## Activity
Transcribe the stretch of entries below from the line with "Atkal zied pujenes, a/e., 60x60cm, 2021, PRIVĀTKOLEKCIJĀ" through the line with "12月25日,在中国铁路哈尔滨局加格达奇车务段漠河站,调车长在工作。新华社记者 金地 摄", exactly and with both ends included; leave out all other lines.

## Data in this exercise
--- START ---
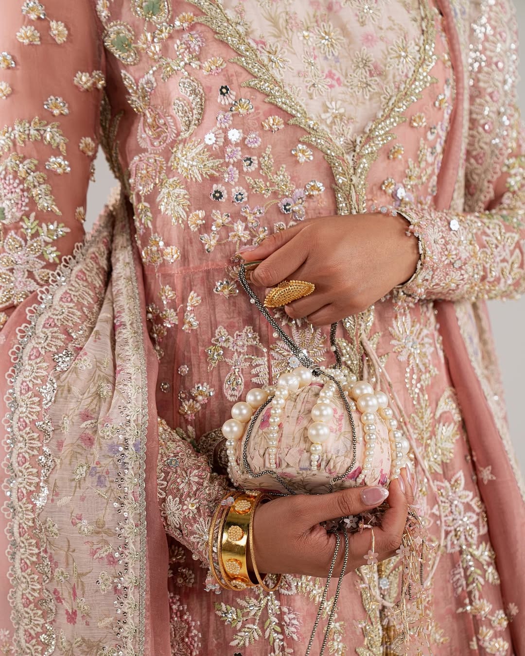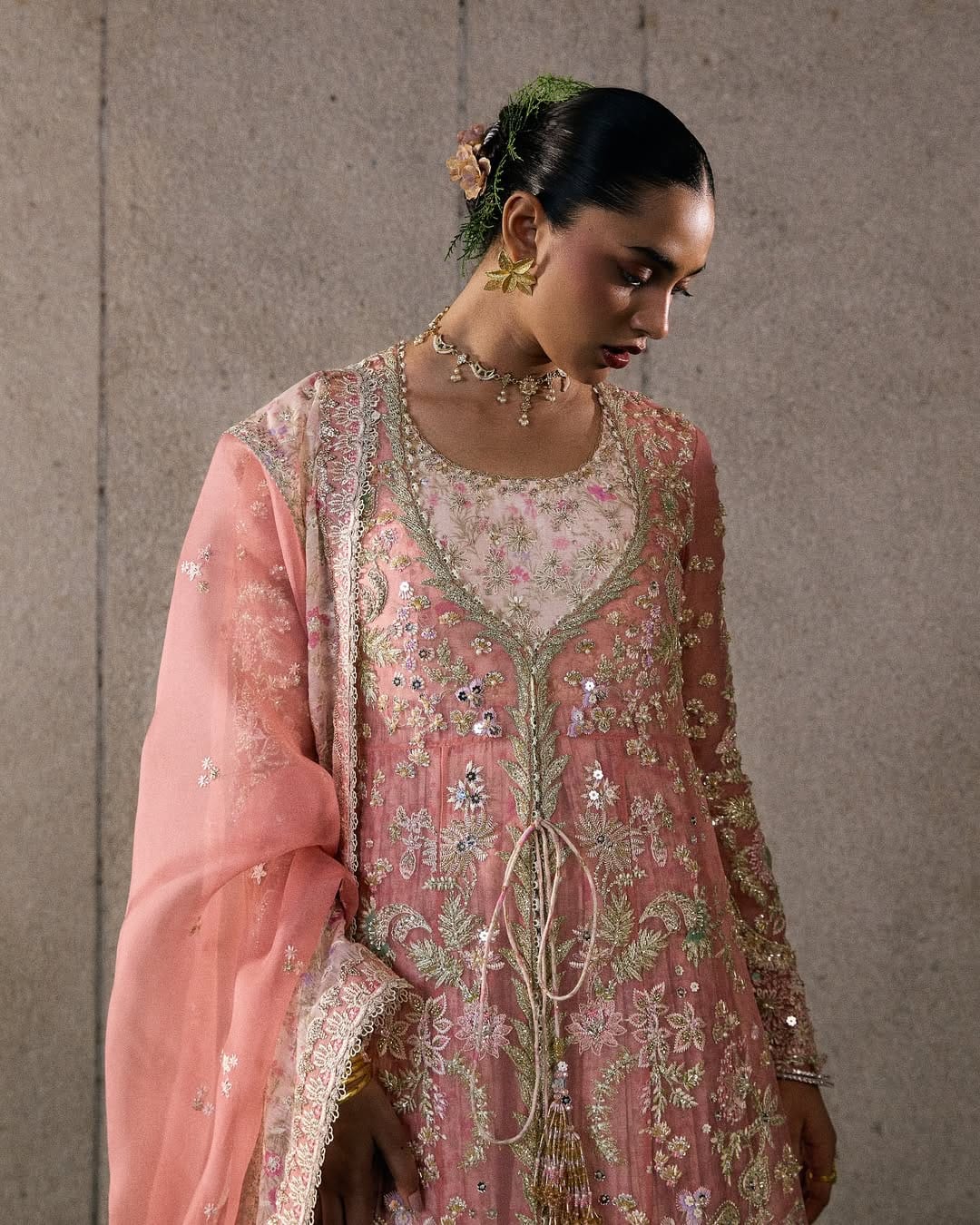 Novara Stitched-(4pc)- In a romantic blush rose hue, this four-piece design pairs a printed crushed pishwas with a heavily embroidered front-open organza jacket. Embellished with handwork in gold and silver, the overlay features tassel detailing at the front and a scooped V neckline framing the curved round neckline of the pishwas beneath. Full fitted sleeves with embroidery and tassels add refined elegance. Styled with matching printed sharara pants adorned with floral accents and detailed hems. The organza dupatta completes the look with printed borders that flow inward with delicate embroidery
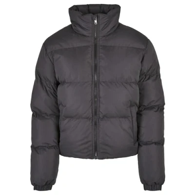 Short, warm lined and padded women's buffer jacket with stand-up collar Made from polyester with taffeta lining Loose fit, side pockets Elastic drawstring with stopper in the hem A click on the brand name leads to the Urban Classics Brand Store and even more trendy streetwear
--- END ---
--- START ---
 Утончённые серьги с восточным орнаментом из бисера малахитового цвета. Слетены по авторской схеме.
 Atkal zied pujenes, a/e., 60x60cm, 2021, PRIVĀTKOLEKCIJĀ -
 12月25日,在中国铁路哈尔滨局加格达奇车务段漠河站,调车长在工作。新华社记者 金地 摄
--- END ---
--- START ---
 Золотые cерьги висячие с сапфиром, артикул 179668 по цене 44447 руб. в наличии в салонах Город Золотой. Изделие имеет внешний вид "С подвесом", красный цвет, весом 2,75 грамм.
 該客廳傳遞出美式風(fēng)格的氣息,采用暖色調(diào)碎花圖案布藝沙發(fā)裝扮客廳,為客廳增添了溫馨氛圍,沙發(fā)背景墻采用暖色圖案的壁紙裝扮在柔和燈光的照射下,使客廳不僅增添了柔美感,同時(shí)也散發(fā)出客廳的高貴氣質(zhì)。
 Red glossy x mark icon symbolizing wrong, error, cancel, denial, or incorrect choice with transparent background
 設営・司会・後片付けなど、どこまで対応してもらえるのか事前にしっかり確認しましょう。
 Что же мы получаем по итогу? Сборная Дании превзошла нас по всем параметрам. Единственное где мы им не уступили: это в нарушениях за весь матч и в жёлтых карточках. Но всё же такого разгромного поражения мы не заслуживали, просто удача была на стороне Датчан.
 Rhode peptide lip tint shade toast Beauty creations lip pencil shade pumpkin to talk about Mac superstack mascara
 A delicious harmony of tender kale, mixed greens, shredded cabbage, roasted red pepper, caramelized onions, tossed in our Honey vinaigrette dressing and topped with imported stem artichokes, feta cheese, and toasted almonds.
--- END ---
## Output for this task
 Atkal zied pujenes, a/e., 60x60cm, 2021, PRIVĀTKOLEKCIJĀ -
 12月25日,在中国铁路哈尔滨局加格达奇车务段漠河站,调车长在工作。新华社记者 金地 摄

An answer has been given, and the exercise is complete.